From The Freeman, Vol. 48, No. 4, pp.223-227.
by Wendy McElroy
Two of the most important concepts that emerge in any discussion of liberty are 'the State' and 'Society', but it is often far from clear what any given person means by those terms. Part of the confusion stems from the fact that the definitions can shift dramatically depending upon the theoretical approach of the speaker. Virtually all individualists agree that there is some distinction to be drawn between a State and a Society. But exactly where the line should be drawn has been the subject of active debate, at least since the writings of the 17th century English classical liberal John Locke.
The 19th-20th century German sociologist Franz Oppenheimer spearheaded an analysis of these key terms in his classic work The State. Oppenheimer defined the State, "I mean by it that summation of privileges and dominating positions which are brought into being by extra-economic power....I mean by Society, the totality of concepts of all purely natural relations and institutions between man and man..."(xxxiii).(1) He contrasted what he terms 'the political means' with 'the economic means' of acquiring wealth or power. The State uses the political means -- in other words, force -- to plunder and exploit Society which used the economic means -- in other words, co-operation. Thus, the State was the enemy of Society.
The 20th century American individualist Albert Jay Nock was one of the main conduits of Oppenheimer's thought into the United States. He captured his mentor's sentiment in a book entitled Our Enemy the State. Nock wrote, "Taking the State wherever found, striking into its history at any point, one sees no way to differentiate the activities of its founders, administrators, and beneficiaries from those of a professional-criminal class."(2)
At this point in his argument, however, Nock introduced a third concept into his discussion of liberty, that of 'Government'. Nock's Government is an agency that protects individual rights within Society presumably in exchange for a 'fee', such as embodied in a reasonable tax rate. Nock was not along in distinguishing between a Government and the State: the anti-statist philosopher Ayn Rand also embraced the concept of a limited Government that would function as a night watchman, unobtrusively protecting the person and property of its customers. Indeed, Oppenheimer himself left the door open for a distinct agency called Government when he declared, in the concluding paragraph to the introduction to The State, "Others may call any form of leadership and government or some other ideal the 'State.' That is a matter of personal style."(xxxiii)
The contemporary philosopher Tibor Machan offered his definitional distinction between the State and an agency called Government. The State was a jurisdictional claim to territorial sovereignty that persisted through time. The Government was the actual agency that acted to carry out the decrees of the State. Thus, the Government might change from Republican to Democrat, but the State remained the same. Whether Reagan or Clinton occupies the White House, each man would represent the same State that derived its legitimacy from the American Revolution and the ratification of the U.S. Constitution.

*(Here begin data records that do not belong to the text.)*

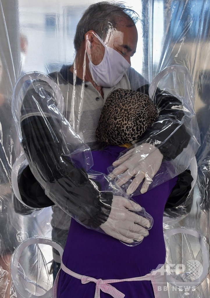 サンパウロ(Sao Paulo)市の老人ホームに取り付けられたのは、大きなプラスチック製のカーテンだ。カーテンには入居者と訪問者がそれぞれ腕を入れるための穴が取り付けられており、カーテン越しとはいえ、新型コロナウイルスにより数か月にわたり不可能だった抱擁を交わすことができるようになった。さらなる予防措置として、利用者は手袋と黒いアームカバーも着用する。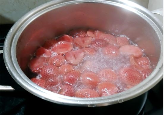 Εδώ έδωσα μια βράση και τις στραγγισμένες φράουλες για περισσότερη γεύση.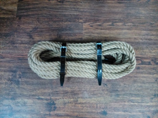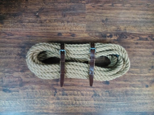 Długość liny to 10 metrów + 2 paski skórzane do zamocowania jej.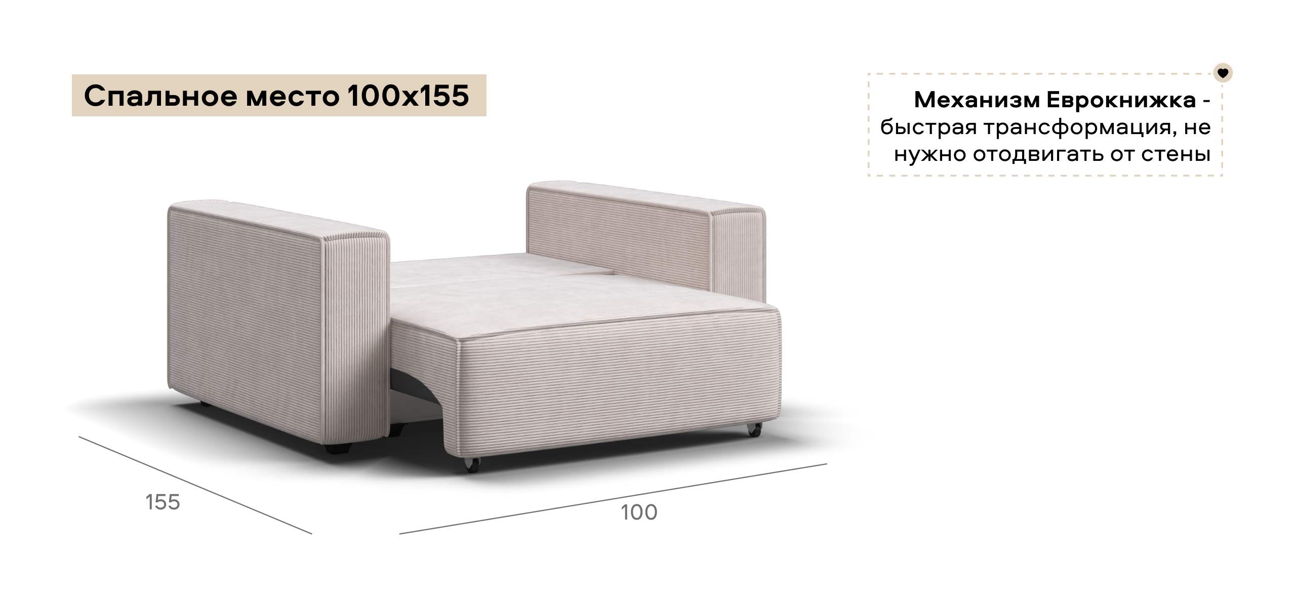 Простой и надежный механизм еврокнижка с легкостью превратит модульную систему в комфортное спальное место.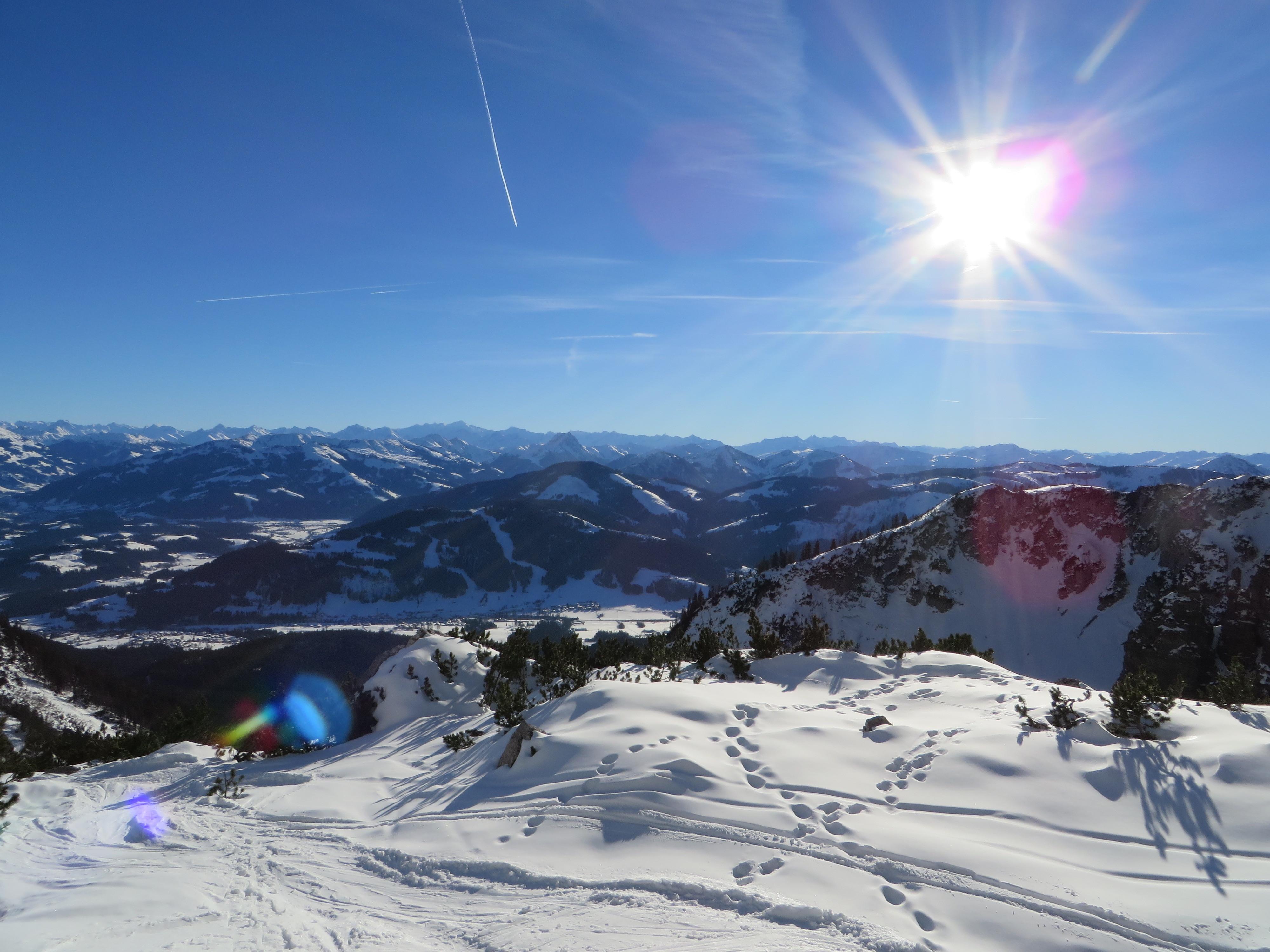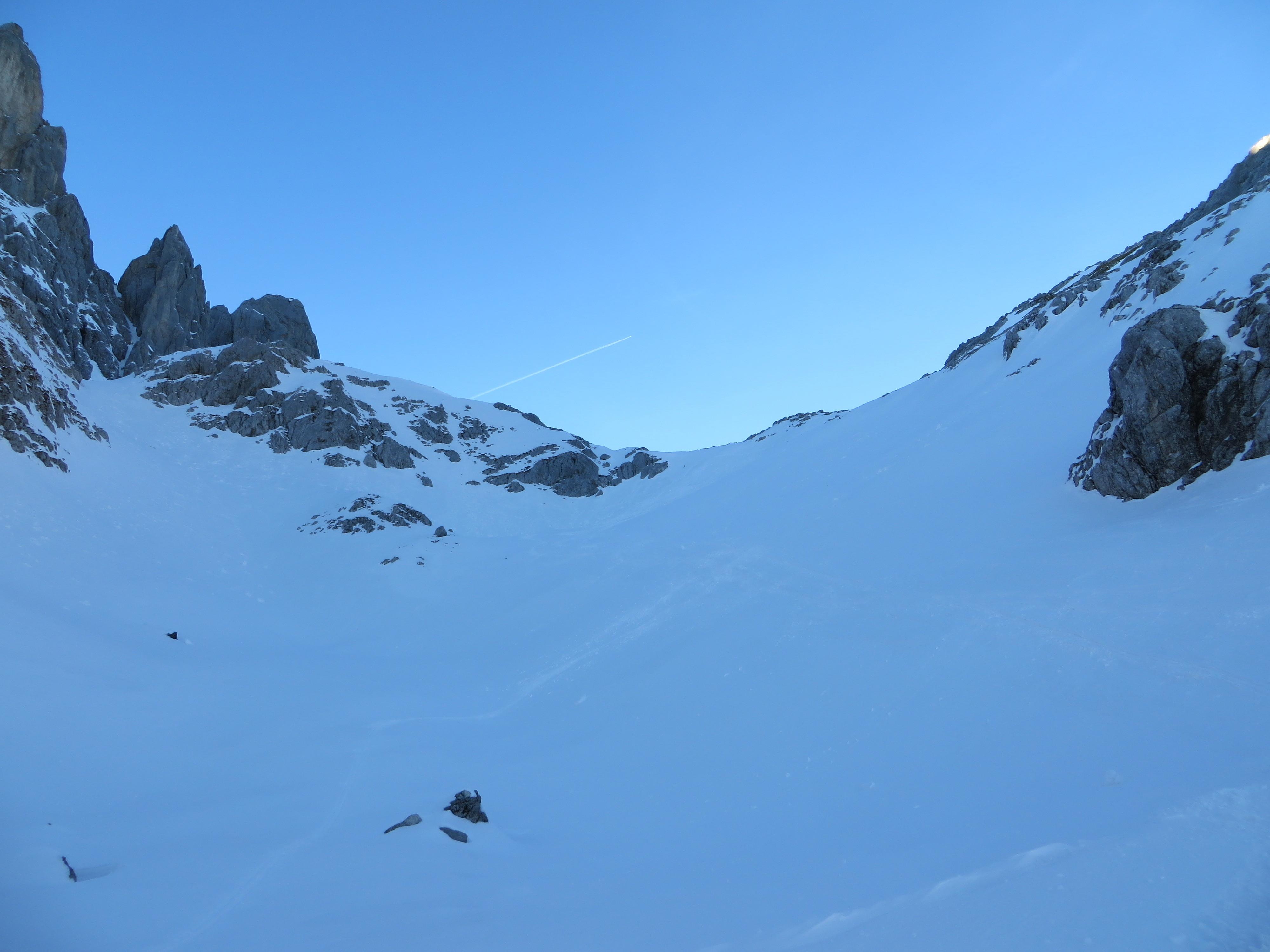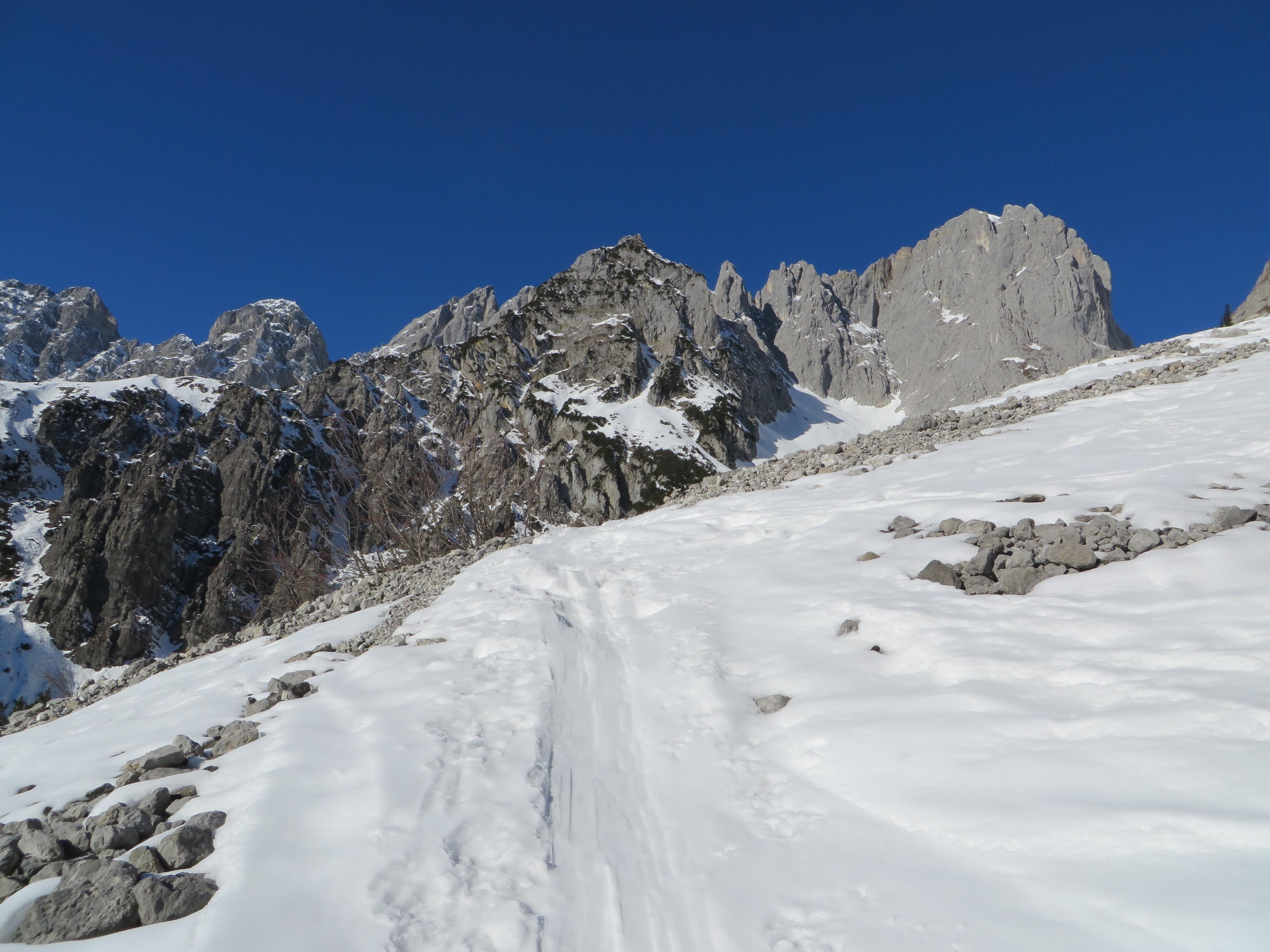 Quasi vorauseilend als Ergänzung zu Alois Herzigs "Firntest Wilder Kaiser“ einen Tag zuvor Start mit Schneeschuhen am späteren Vormittag an der Wochenbrunner Alm (mit dem heckgetriebenen Fahrzeug beinahe auf dem Weg hierher glättehalber gescheitert, niemand an der Mautstelle, am Parkplatz nur eine Handvoll Autos) bei wolkenlos-blauem Himmel, Sonnenschein und gemessenen -2° C (gefühlt deutlich wärmer) über den Normalweg zur Gaudeamushütte (ab hier noch im T-Shirt viel zu warm, Mütze als Sonnenschutz unverzichtbar), von dort älteren Skispuren wechselnd folgend und den mageren Schnee bestmöglich nutzend entsprechend einem Wegverlauf irgendwo zwischen dem Sommerweg und der in der Alpenvereinskarte eingetragenen Skiroute aufwärts und einige richtig schneearme weil abgewehte und/oder zusammengeschmolzene Bereiche mit erheblicher Steinspickung sowie eine gänzlich apere Rinne kurz unterhalb der Terrassenkante im unteren Kübelkar querend; nach ausgedehnter Rast in der Sonne bei perfektem Panorama bei ab hier mehr und wieder geschlossen Schnee auf etlichen Alt-Lawinen mit teils grösseren Knollen weiter vorwiegend in der Falllinie ansteigend und Querungen tunlichst meidend bis etwa 1920 m (Hangneigung teils bis um 45° mit vollkommen gesetzter und verfestigter Schneedecke variabler Mächtigkeit), dann im oberen Kübelkar vor dem letzten Hang knapp unterhalb vom Ellmauer Tor angesichts der fortgeschrittenen Zeit und des anbrechenden Schattens umgedreht und zum Abstieg die etwas flacheren Hangbereiche nutzend und weiter unterhalb des Kübelkars und seinen eben so ein bisserl eingeschneiten Latschen über die schmalen gerade schneebedeckten Rinnen absteigend auf den Weg zur Gaudeamushütte zu und von dort zum Parkplatz zurück.

More radical voices within the individualist tradition, such as that of the economist Murray Rothbard, did not draw such a distinction between State or Government. Or, to the extent they viewed the two as technically separate entities, such individualist anarchists typically condemned both as being invasive. They asked a haunting question: how can any agency or institution rightfully claim a monopoly jurisdiction over providing 'a service' to customers who do not wish to subscribe to it? If Government provides a service, like a night watchman, can you take your business elsewhere?

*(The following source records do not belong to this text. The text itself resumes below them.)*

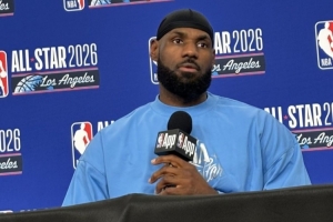 体育资讯2月16日讯 今日,湖人球星詹姆斯举行了全明星新闻发布会。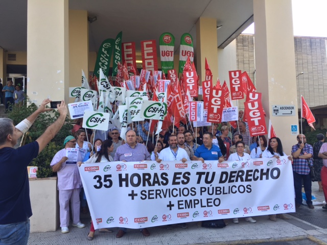 Continuamos con las concentraciones de 15 minutos en los centros de trabajo. Esta mañana hemos acompañado a los compañeros y compañeras del Hospital Provincial.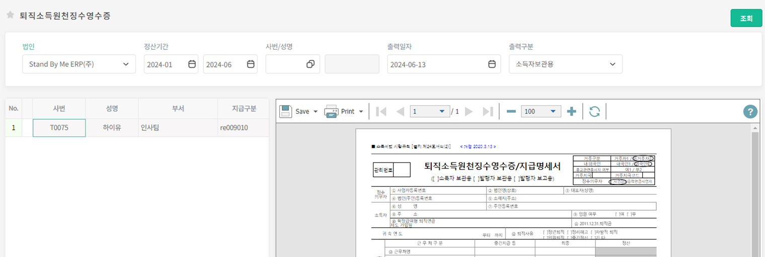 퇴직소득원천징수영수증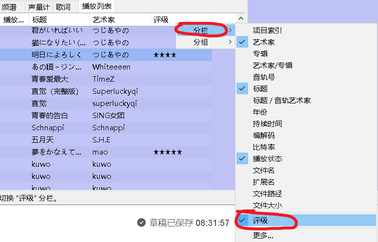 最后,右键播放列表的顶栏——分栏——评级,就可以显示曲目的好听指数了。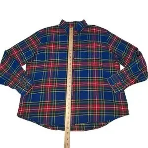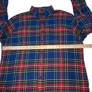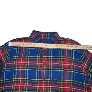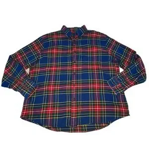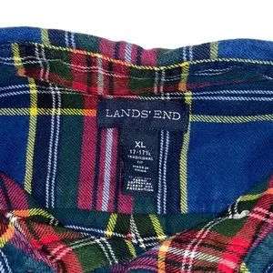Land's End Traditional Fit Blue Red Plaid Flannel Button Down Shirt - Men’s XL
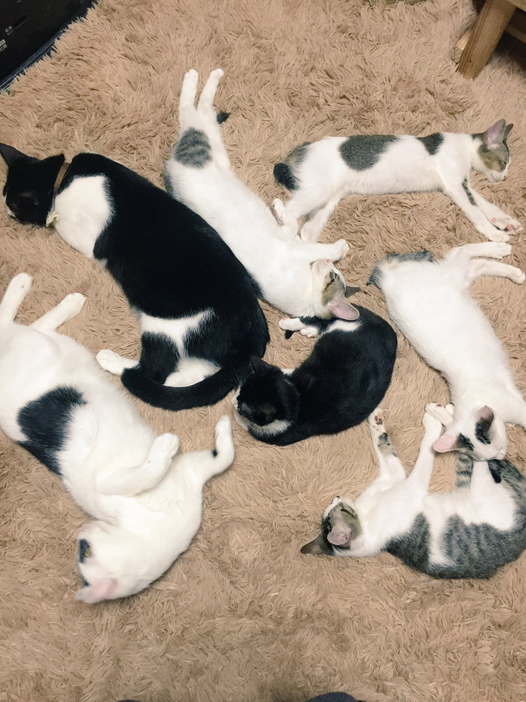哈哈哈,貓大大各各都睡得東歪西倒,不知道的人分分鐘還以為是集體嗑藥暈倒了,整個看起來像「案發現場」這樣壯觀耶!(咦?)現在可憐的原Po想要塞進電毯取暖都已經沒有空間了,看來貓奴也只能認命,乖乖把自己的冬天取暖聖品上繳給貓大大使用啦!

The discussion of individual freedom returns inevitably to how the key concepts of the State, Society, and the Government are being defined. And in pursuing those definitions one fact becomes quickly apparent. They are more than a matter of personal style, as Oppenheimer suggested: they involve deep ideological and historical disagreements with equally profound implications.
Whenever you speak of 'the State', you are dealing with an abstraction and intellectual care must be taken not to make something overly concrete of it. The analytic approach traditionally adopted by classical liberals is called methodological individualism. This approach claims that only individuals exist, and that the institutions of society -- such as the Family, the Church, the State -- all result from and can analyzed in terms of individuals interacting with each other within those particular institutional frameworks. Thus, the State consists of a group [or groups] of individuals who work according to certain rules within that particular institutional framework.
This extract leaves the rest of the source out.